There are these unspeakable, ingrained mistruths men are brought up to believe about sex: We’re dominant, we should go to bed with whores, but wake up with virgins . . . those things that we’re not necessarily taught, but that—thanks to our patriarchal society—still become part of our consciousness, regardless. And in figuring this out, one endeavors to be above such unenlightened outlooks. These poor slobs are called ’90s liberal males, and I counted myself proudly amongst their numbers.
It’s no secret that the origins of Amy resided in my then-relationship with the woman who’d brought the uncompromising, distaff main character of Alyssa Jones so vividly to life—Joey Lauren Adams. Granted, Joey wasn’t gay, and I’ve never fallen in love with a lesbian (well, not that I know of anyway). But the movie did grow out of my initial reaction to Joey’s past (which, in all fairness, wasn’t nearly as salacious as Alyssa’s crafted history; a history which has since—more than likely—prompted many a parent to lock up their teenage daughters).
They say opposites attract, but they don’t say anything about how opposites can manage to stay together after said attraction fades and the opposites are left facing the fact that they haven’t much in common—a useful bit of info that they never care to share (they usually stink, in my opinion . . . whoever they may be).
Joey and I were no strangers to that little quandary: I was a guy from Highlands, New Jersey, content to live and die in the same 20-mile radius I’d spent almost all of my life in up to that point. She was from North Little Rock, Arkansas, but you wouldn’t know it. Joey’d done some traveling, living in Australia, Bali, New Orleans, San Diego, and then settled in Los Angeles. I like my gatherings small and intimate; Joey likes hers huge, loud, and loaded with spirits of all varieties. Joey’s into the Salvation Army and the hidden treasures every woman knows lie therein; I’m a Toys-R-Us kid.

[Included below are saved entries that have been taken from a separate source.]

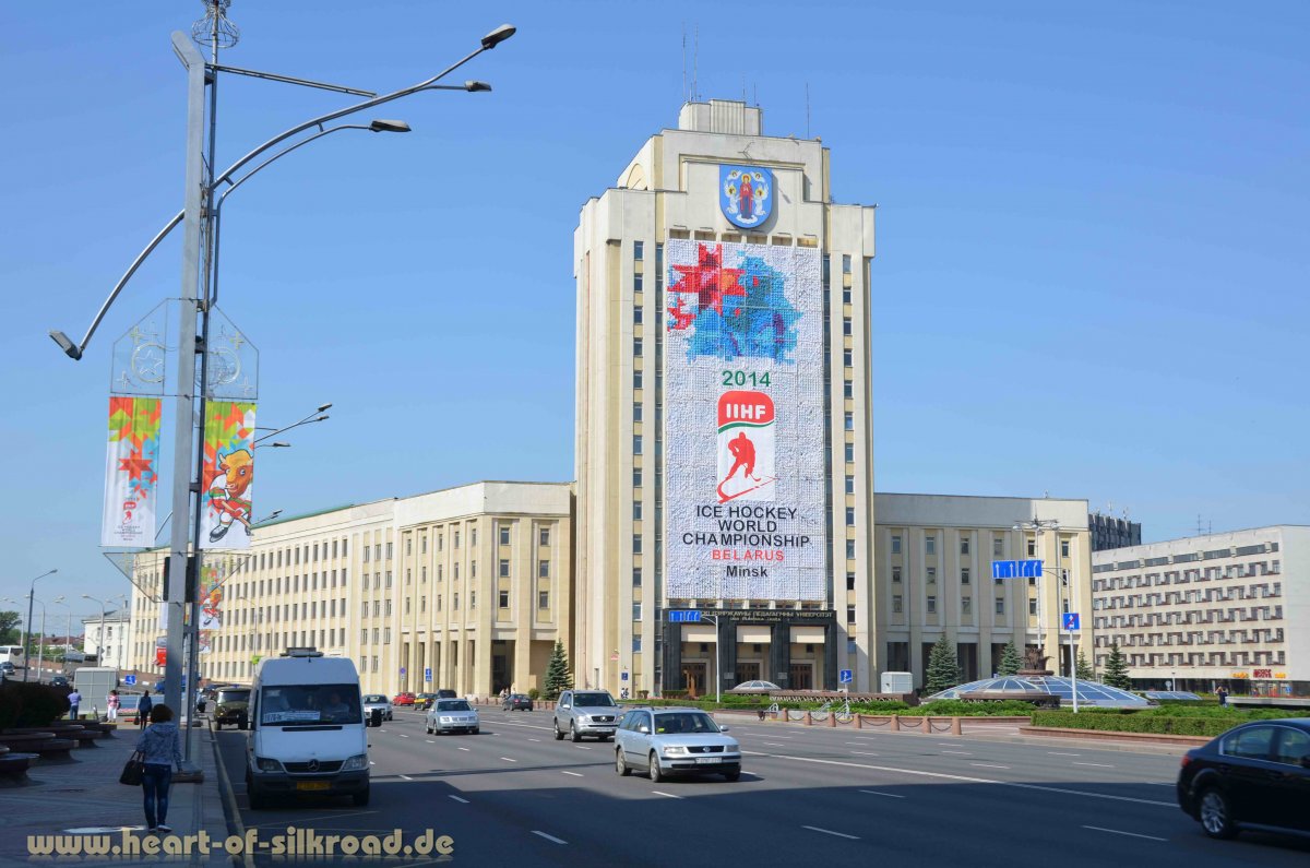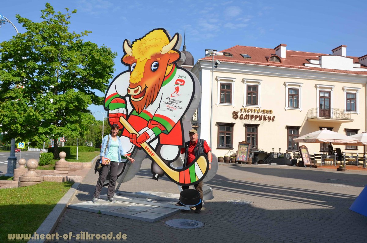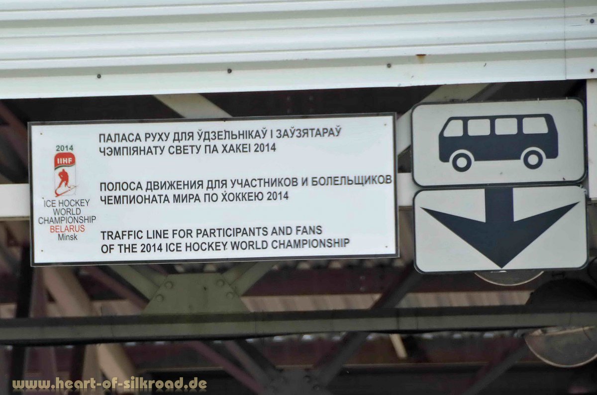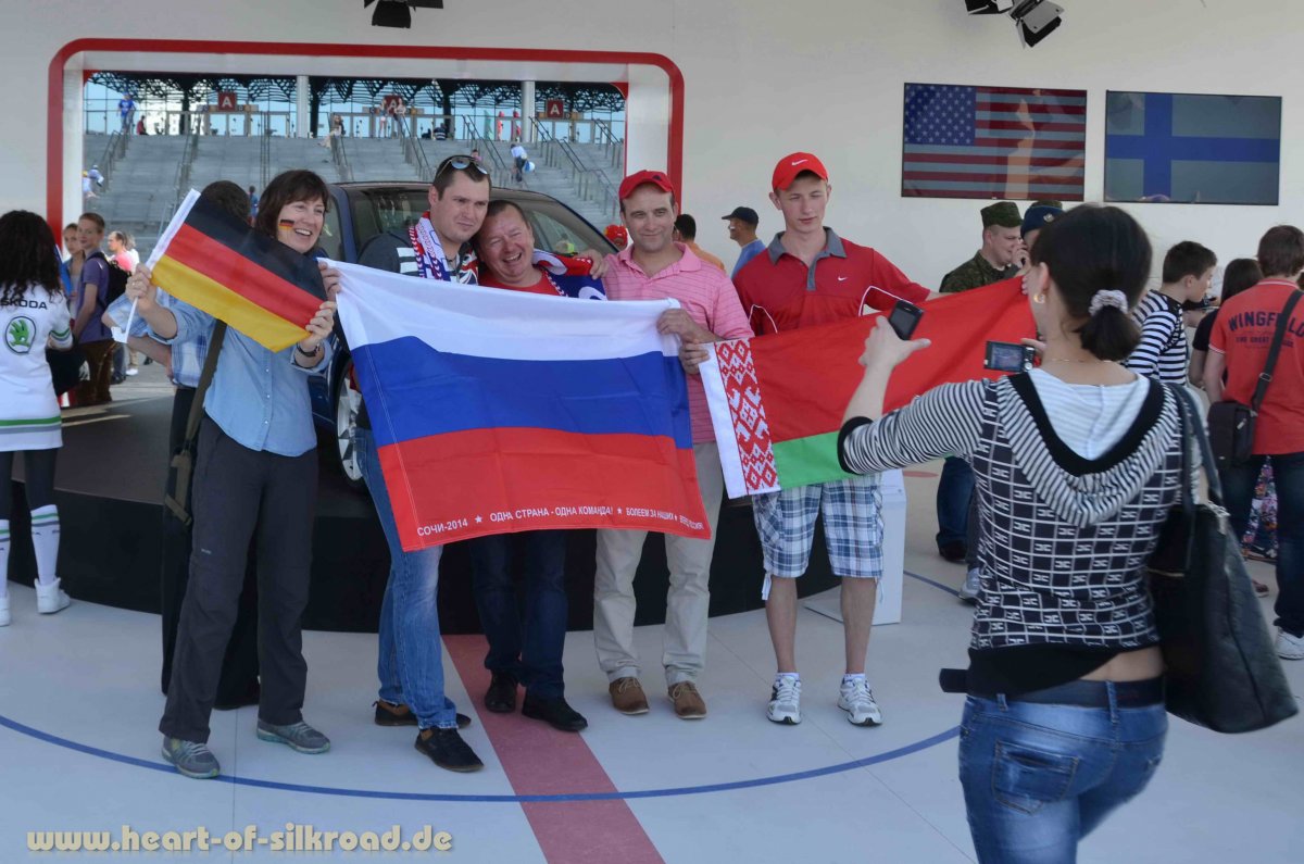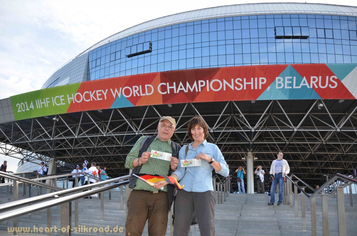 Wir wollen die Eishockey-Tickets aber nicht nur nutzen, um einfach durch Weißrussland reisen zu können, sondern das Spiel Deutschland-Russland auch live erleben und quartieren uns im Hotel Sputnik ein. Mit dem Stadtbus fahren wir dann zum riesigen Fan-Areal der Weltmeisterschaft, wo die Stimmung schon lange vor dem Spiel grandios ist. In dem ausverkauften Stadion sind unter Russen und Weißrussen nur eine Handvoll deutscher Fans. Auch wenn wir nicht wirkliche Eishockey-Kenner sind, so haben wir doch sehr viel Spaß in unserem sicher billigsten Block D unter harten Russen-Eishockey-Fans.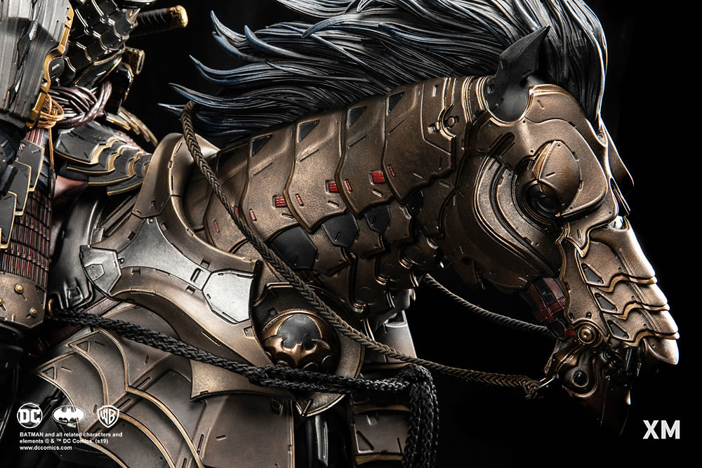 XM Studios 原創的「武士系列」是以漫畫造型為基礎,再注入濃厚的東洋武士風格,用獨特的造型重新詮釋DC 漫畫裡的人氣角色!「蝙蝠俠將軍 1/4 比例全身雕像」高約85 公分,長度也來到72 公分,除了極具份量的尺寸外,結合日本戰國、幕府時代將軍元素之後的造型更是令人大大驚艷!除了蝙蝠俠將軍本體身披華麗鎧甲之外,戰馬更也覆蓋著重裝盔甲,整體給人沈甸甸的重量感!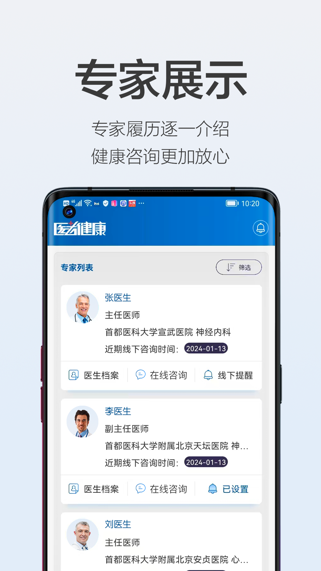 医者健康是一款对接国内心脑血管医疗团队的健康管理APP,管理团队均来自北京安贞、天坛医院的一线专家主任。以心脑血管慢病管理为核心打造国内权威管理平台,真确实现专家管理,维护您的心脑系统健康。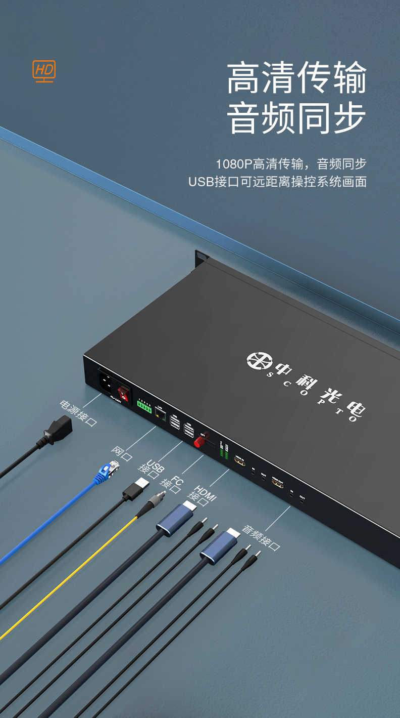 中科光電 高清2路HDMI視頻光端機(jī)2路單向+2路雙向音頻+1路USB+1路百兆網(wǎng)絡(luò)光纖延長器傳輸收發(fā)器ZK-O2H2A1U1F

But these were small-time compared to the differences in our sexual history.
Seemingly, the thorny issue in the romantic career of every young man (or “guy” as we’re called during that awkward period between high school and true adulthood), a partner’s sexual past has a way of ruining an otherwise healthy relationship (well, that’s not entirely true; the past may be the issue, but the guy himself is usually the dork who does the relationship trashing). And being a “guy,” I was no exception—my insecurities always stemmed from the fear of having to measure up to somebody . . . or to a lot of somebodies.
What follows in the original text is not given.